Legia z dorobkiem 38 punktów prowadzi w tabeli ekstraklasy i ma trzy punkty przewagi nad Śląskiem Wrocław.
- Chcemy zdominować naszą ligę. Być może nie uda nam się triumfować co roku. Jednak istotne jest, abyśmy byli w czołówce. Odkąd jestem w Legii zmieniliśmy sposób gry. To sygnał, że chcemy iść dalej i robić kolejne postępy. To jest konieczne, aby awansować do Ligi Mistrzów, bo to również jest naszym celem. Jednak także w Lidze Europejskiej zdobywamy cenne doświadczenie. Nasza gra w tych rozgrywkach napawa optymizmem, a wyniki mówią same za siebie. Rywalizacja z Ajaksem Amsterdam w kolejnej fazie to kolejny krok dla zespołu - podkreślił Norweg.
Szkoleniowiec przyznał, że cały czas uczy się języka polskiego. Nie czuje się jednak na tyle swobodnie, aby odpowiadać w nim na pytania podczas konferencji prasowej.
- Wiele rozumiem, ale nie potrafię jeszcze biegle rozmawiać. Chciałbym się szybciej nauczyć, ale chyba nie jestem dobrym uczniem. Jednak bez problemu komunikuję się po polsku z zawodnikami i sztabem szkoleniowym - przyznał trener.
Zapytany o możliwość jego pracy przy Łazienkowskiej tak długo jak David Moyes w Evertonie (11 lat) odpowiedział dosyć ostrożnie.
- W futbolu ciężko jest cokolwiek planować. Jako piłkarz i trener jestem w tym sporcie wystarczająco długo, aby wiedzieć, że nie należy wybiegać w przyszłość tak daleko.

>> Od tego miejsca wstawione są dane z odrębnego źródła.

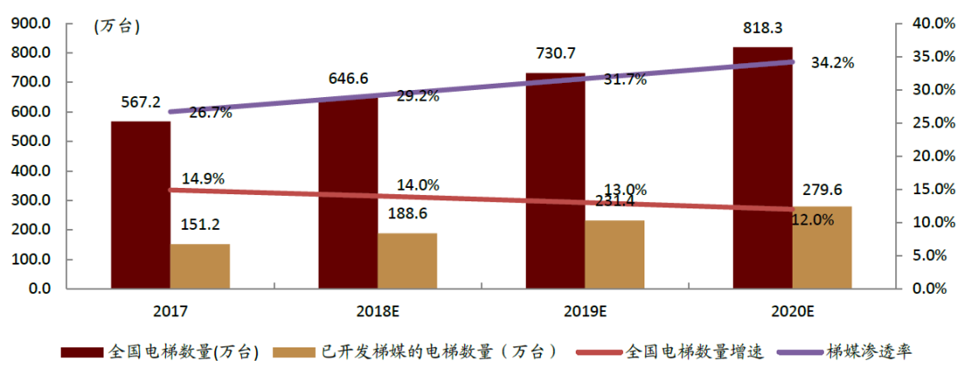 Forecast of the number of elevators in China and the number of elevators that have developed elevator media in 2017-2020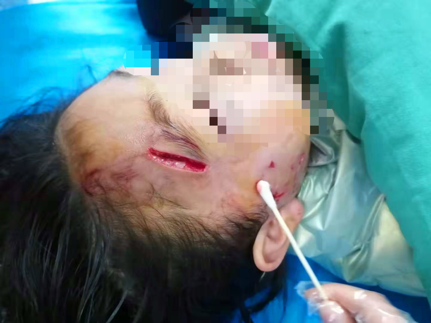 据了解,患儿苗苗不慎被狗咬伤导致头面部、眼角皮肤损伤,满脸是血,疼痛难忍。苗苗家人辗转3个多小时后,将苗苗送送到我院急诊科犬伤处置门诊进行救治。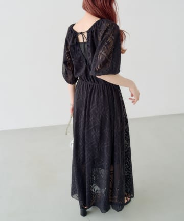 【オケージョン】グラフィカルリーフレースワンピース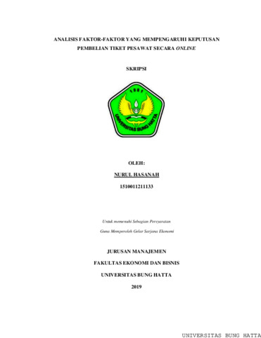 ANALISIS FAKTOR-FAKTOR YANG MEMPENGARUHI KEPUTUSAN PEMBELIAN TIKET PESAWAT SECARA ONLINE Nurul Hasanah1, Lindawati2, Mery Trianita3 Jurusan Manajemen, Fakultas Ekonomi dan Bisnis, Universitas Bung Hatta E-mail: hasanahnurul887@gmail, lindawati@bunghatta.ac.id ABSTRAK Penelitian ini bertujuan untuk mengetahui faktor-faktor yang mendorong konsumen dalam pengambilan keputusan pembelian secara tiket pesawat secara online, serta untuk mengetahui apakah akan terdapat perbedaan pengambilan keputusan pembelian tiket pesawat secara online. Populasi dalam penelitian ini adalah seluruh pembeli yang menggunakan situs tiket pesawat secara online yang tidak diketahui dengan pasti jumlahnya, dengan jumlah sampel 138 orang. Metode pengambilan sampel dalam penelitian ini adalah purposive sampling. Jenis data yang digunakan adalah data primer melalui penyebaran kuesioner. Metode analisa data yang digunakan adalah uji chi square test. Hasil penelitian ini menemukan bahwa terdapat dua faktor, faktor pertama diberi nama keunggulan pembelian tiket pesawat secara online dengan enam item pernyataan kepercayaan terhadap situs tiket pesawat secara online, kemudahan transaksi dalam situs tiket pesawat secara online, kualitas informasi yang memadai, presepsi yang positif terhadap situs tiket pesawat secara online, Tampilan website yang mudah dipahami, dan pelayan yang cepat tanggap. Faktor kedua diberinama kemudahan pembelian tiket pesawat secara online dengan empat item pernyataan gaya hidup yang semakin meningkat, sistem pemesanan yang mudah,dapat menghemat waktu sat pembelian tiket pesawat secara online, serta dapat melakukan transaksi online dimana saja. Kata Kunci : Faktor-Faktor Yang Mempengaruhi Keputusan Pembelian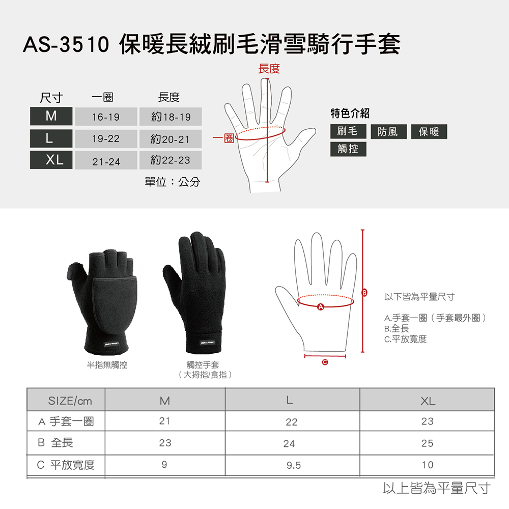 【食指觸控功能免脫手套,可直接使用3C產品 】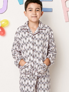 方格魔力。長袖套裝童睡衣

Z doświadczenia wiem, że trawa nie jest z każdej strony tak samo zielona. Póki co, nie wiem czy uda mi się wypełnić kontrakt. Dla mnie najważniejsza jest codzienna praca, abyśmy wszyscy w klubie szli w jednym kierunku - tłumaczył Berg.
W środę angielskie media poinformowały, że Arsenal Londyn doszedł do porozumienia z Legią Warszawa w sprawie transferu Krystiana Bielika. "Kanonierzy" mieliby zapłacić za 17-letniego piłkarza 2,4 mln funtów.
- Krystian jest w komfortowej sytuacji, bo walczą o niego wielkie kluby, a niedawno był zupełnie nieznany. Ostatnio zrobił ogromne postępy, ale w Legii wciąż może się rozwijać rywalizując i trenując u boku świetnych zawodników. To nie jest łatwa decyzja dla 17-latka i potrzebuje dużo czasu, żeby to przemyśleć. W Legii również będzie miał szanse podnosić swoje kwalifikacje, a odejść może później. Pytanie tylko, czy teraz jest dobry moment na transfer. To dla niego bardzo ważna decyzja - powiedział Berg.
W niedzielę stołeczny zespół poleci do Turcji na pierwsze zimowe zgrupowanie. Rundę wiosenną Legia rozpocznie 12 lutego wyjazdowym meczem ze Śląskiem Wrocław w ćwierćfinale Pucharu Polski. Trzy dni później podejmie Jagiellonię Białystok w meczu ligowym, a 19 lutego zagra w Amsterdamie z Ajaksem w 1/16 finału Ligi Europejskiej.